About Apollomics Inc.

Apollomics is an innovative clinical-stage biopharmaceutical company focused on the discovery and development of oncology therapies with the potential to be combined with other treatment options to harness the immune system and target specific molecular pathways to inhibit cancer. Apollomics currently has a pipeline of nine drug candidates across multiple programs, six of which are currently in the clinical stage of development. Apollomics’ lead programs include investigating its core product, vebreltinib (APL-101), a potent, selective c-Met inhibitor for the treatment of non-small cell lung cancer and other advanced tumors with c-Met alterations, which is currently in a Phase 2 multicohort clinical trial in the United States, and developing an anti-cancer enhancer drug candidate, uproleselan (APL-106), a specific E-Selectin antagonist that has the potential to be used adjunctively with standard chemotherapy to treat acute myeloid leukemia and other hematologic cancers, which is currently in Phase 1 and Phase 3 clinical trials in China.

FORWARD-LOOKING STATEMENTS

This press release may include, and oral statements made from time to time by representatives of the Company may include, “forward-looking statements” within the meaning of Section 27A of the Securities Act of 1933, as amended, and Section 21E of the Securities Exchange Act of 1934, as amended. Statements regarding possible business combinations and the financing thereof, and related matters, as well as all other statements other than statements of historical fact included in this press release are forward-looking statements. When used in this press release, words such as “anticipate,” “believe,” “continue,” “could,” “estimate,” “expect,” “intend,” “may,” “might,” “plan,” “possible,” “potential,” “predict,” “project,” “should,” “would” and similar expressions, as they relate to us or our management team, identify forward-looking statements. Such forward-looking statements are based on the beliefs of management, as well as assumptions made by, and information currently available to, the Company’s management. Actual results could differ materially from those contemplated by the forward-looking statements as a result of certain factors detailed in the Company’s filings with the Securities and Exchange Commission (the “SEC”). All subsequent written or oral forward-looking statements attributable to us or persons acting on our behalf are qualified in their entirety by this paragraph.

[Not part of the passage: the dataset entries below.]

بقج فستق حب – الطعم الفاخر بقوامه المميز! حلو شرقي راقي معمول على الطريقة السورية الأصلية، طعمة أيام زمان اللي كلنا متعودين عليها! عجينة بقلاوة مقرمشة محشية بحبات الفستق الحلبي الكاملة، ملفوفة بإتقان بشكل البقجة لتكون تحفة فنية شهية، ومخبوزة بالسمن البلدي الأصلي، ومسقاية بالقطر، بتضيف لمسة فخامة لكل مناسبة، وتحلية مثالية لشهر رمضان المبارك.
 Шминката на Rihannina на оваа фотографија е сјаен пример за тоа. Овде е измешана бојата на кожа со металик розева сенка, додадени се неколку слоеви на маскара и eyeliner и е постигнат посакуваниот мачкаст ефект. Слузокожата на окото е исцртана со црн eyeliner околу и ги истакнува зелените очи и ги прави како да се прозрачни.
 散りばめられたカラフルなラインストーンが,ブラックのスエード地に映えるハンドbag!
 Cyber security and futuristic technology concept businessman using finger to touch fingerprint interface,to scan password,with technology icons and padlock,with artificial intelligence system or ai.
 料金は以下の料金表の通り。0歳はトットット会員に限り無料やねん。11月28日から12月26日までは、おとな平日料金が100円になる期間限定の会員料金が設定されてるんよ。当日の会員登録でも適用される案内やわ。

Forward-looking statements are subject to numerous conditions, many of which are beyond the control of the Company, including those set forth in the Risk Factors section of the Company’s registration statement and prospectus for the Company’s initial public offering filed with the SEC, the Company’s Annual Report on Form 10-K for the fiscal year ended December 31, 2021, the Company’s Quarterly Reports on Form 10-Q and other filings with the SEC. The Company undertakes no obligation to update these statements for revisions or changes after the date of this release, except as required by law.

Contact

Maxpro Capital Acquisition Corp.
Songren Road, Xinyi District
Taipei City 11073
Attn: Moses Chen
Chief Executive Officer
m.chen@maxproventures.com 
+886 2 7713 7952


FAQ

What is the significance of the $1,035,000 deposit made by Maxpro Capital Acquisition Corp.?

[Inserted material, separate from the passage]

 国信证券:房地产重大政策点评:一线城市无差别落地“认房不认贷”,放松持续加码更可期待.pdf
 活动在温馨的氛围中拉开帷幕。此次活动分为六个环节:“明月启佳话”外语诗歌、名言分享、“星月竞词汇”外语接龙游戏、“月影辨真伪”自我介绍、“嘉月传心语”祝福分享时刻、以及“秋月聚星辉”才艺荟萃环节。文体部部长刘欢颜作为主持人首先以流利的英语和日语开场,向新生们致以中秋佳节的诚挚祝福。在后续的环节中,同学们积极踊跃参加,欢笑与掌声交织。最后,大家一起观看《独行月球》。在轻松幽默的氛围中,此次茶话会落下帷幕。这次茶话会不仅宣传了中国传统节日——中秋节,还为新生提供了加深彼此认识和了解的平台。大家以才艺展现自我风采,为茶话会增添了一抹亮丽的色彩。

The deposit allows Maxpro to extend the deadline for completing its merger with Apollomics Inc. from October 13, 2022, to January 13, 2023.

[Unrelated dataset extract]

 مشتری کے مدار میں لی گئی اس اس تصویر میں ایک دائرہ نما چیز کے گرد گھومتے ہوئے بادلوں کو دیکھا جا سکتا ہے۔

What is the current status of the business combination with Apollomics?

The business combination is still in progress, with an extension granted until January 13, 2023.

How does the merger with Apollomics impact Maxpro's future?

The merger could potentially position Maxpro favorably in the oncology sector, depending on the successful completion of the transaction.

What are the potential risks associated with the extension granted to Maxpro Capital Acquisition Corp.?

Risks include the reliance on the sponsor for additional funding and the possibility of ongoing challenges in finalizing the business combination.